Каталан не ошибся, уверяя, что полицейские разбегутся, как только увидят своего шефа мертвым. Полицейские ехали на машинах с погашенными фарами, однако мы заранее предусмотрели этот вариант и зажгли свет в доме напротив. На этом фоне хорошо просматривались контуры шести или восьми полицейских машин, двигавшихся почти бесшумно. Подъехав к дому, машины остановились, и из них вылезло довольно много полицейских. Пересчитать их нам не удалось, да мы и не могли стрелять, пока не опознаем своего товарища.

— Смотри, не задень во время перестрелки Рафаэля, — предупредил я Каталана, который, насколько мне было известно, завидев врагов, мог начисто позабыть о цели акции.

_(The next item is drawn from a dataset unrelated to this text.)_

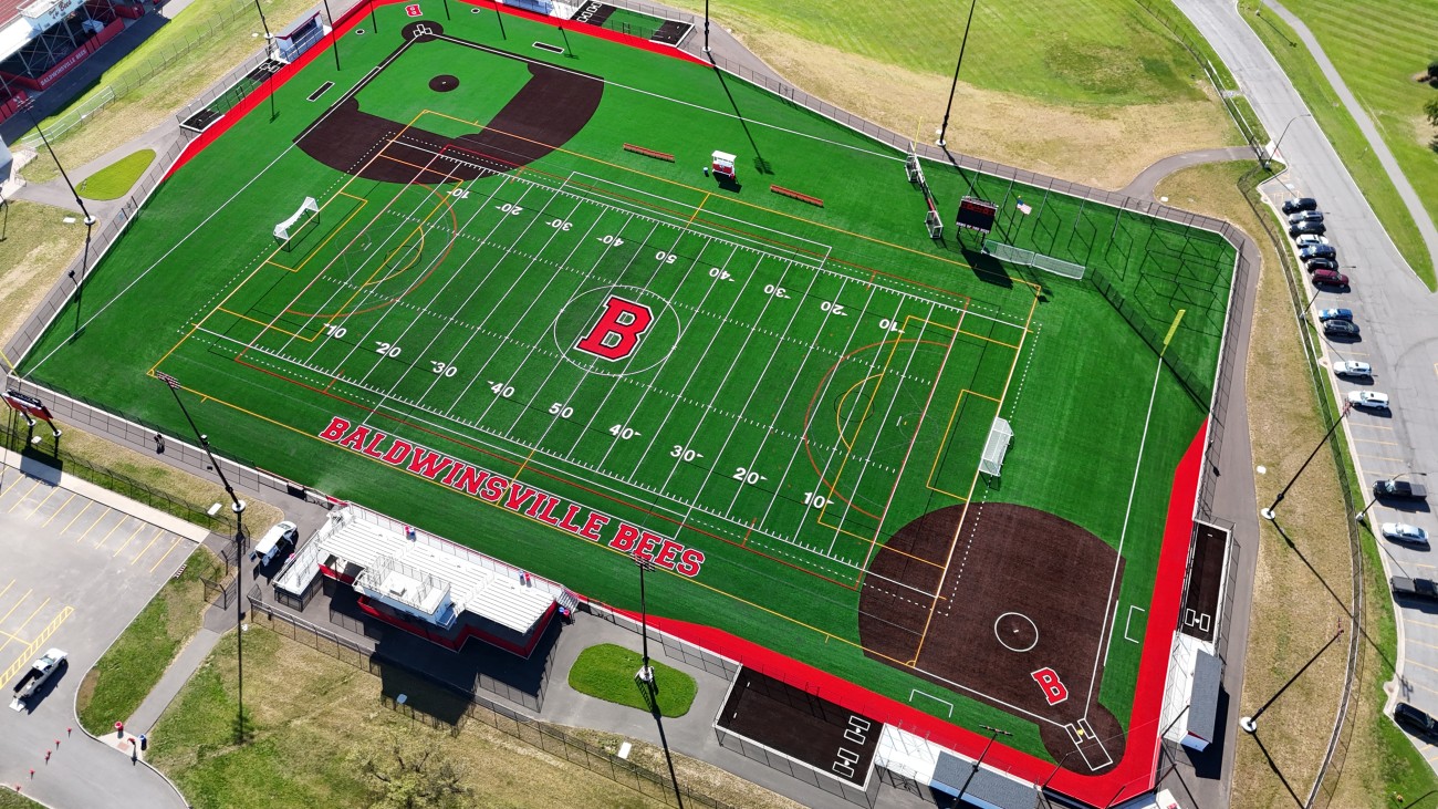 - New multipurpose synthetic turf field with bleachers, press box, and scoreboards.

Но, слава богу, ему довольно быстро удалось опознать Салазара, а рядом с ним щуплого Рафаэля. Их сопровождали пять или шесть полицейских. Приблизившись к ним шагов на двенадцать, Каталан выхватил из-под пиджака автомат и дал несколько очередей. Все бросились на землю, а он, понимая, что сейчас враги опомнятся и откроют ответный огонь, перемахнул через забор и был таков.

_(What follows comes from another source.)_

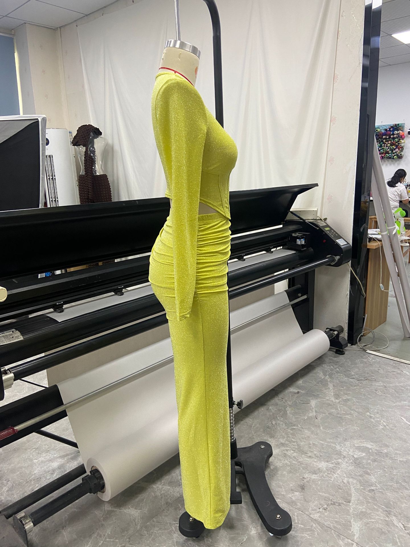 Stay ahead of the fashion curve with our Neon Yellow Long Sleeve Crop Top Skirt Outfit 2-piece Set. Made with high-quality materials, this set exudes elegance and luxury. The bold neon yellow color and figure-flattering silhouette will make you stand out from the crowd. Elevate your style and make a statement with this exclusive set.

Настала моя очередь действовать. Тот, кто любит наблюдать за ходом вот таких стычек и перестрелок, пусть лучше идет в кино — там это смотрится интересней. В действительности же все происходит как-то буднично и так быстро, что многого даже не успеваешь понять.

О нашей операции на следующий день писали в газетах, особенно подробно в либеральных, а частные радиостанции (их у нас в стране насчитывается более 80) известили своих слушателей о «сражении в седьмой зоне». Государственное телевидение назвало наши действия «кровавой баней террористов», а нас приравняло к современным мафиози.

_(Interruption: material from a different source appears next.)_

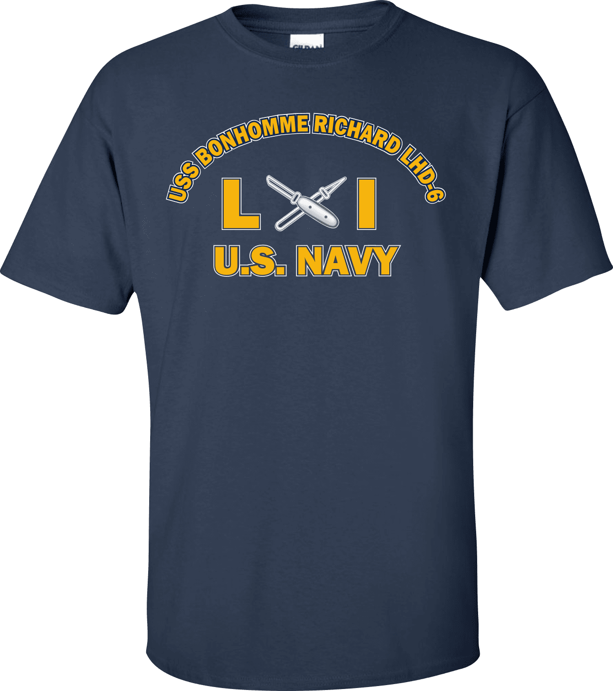 MilitaryBest is proud to offer this USS BONHOMME RICHARD LHD-6 Rate LI Lithographer T-Shirt. This shirt is available as a 100% cotton t-shirt or a 100% polyester men’s or women’s moisture wicking t-shirt. Each shirt is proudly printed in the USA.

Когда перестрелка стихла, мы отошли, унося с собой троих раненых. Две пули достались и Рафаэлю Т., которого мы все же освободили. Осталась на месте и одна из наших машин: у нее оказались прострелены все шины. Сгорел дом, дававший нам убежище, — в него угодил фаустпатрон.

К счастью, полицейские нас не преследовали: они тоже понесли большие потери. Правда, в газетах о потерях не упоминалось, как, впрочем, и о том, какие подразделения органов безопасности принимали участие в операции. Но главное было сделано — Рафаэля мы вызволили, а Салазара убили. Правота Каталана вскоре подтвердилась: банда «бессмертных» распалась сразу после гибели их шефа.

* * *

За день до выборов — это была среда — я навестил Рафаэля на его новой квартире, купленной на наши деньги, которые, к слову сказать, улетучивались словно дым. Он залечивал раны, не упоминая о перенесенных страданиях.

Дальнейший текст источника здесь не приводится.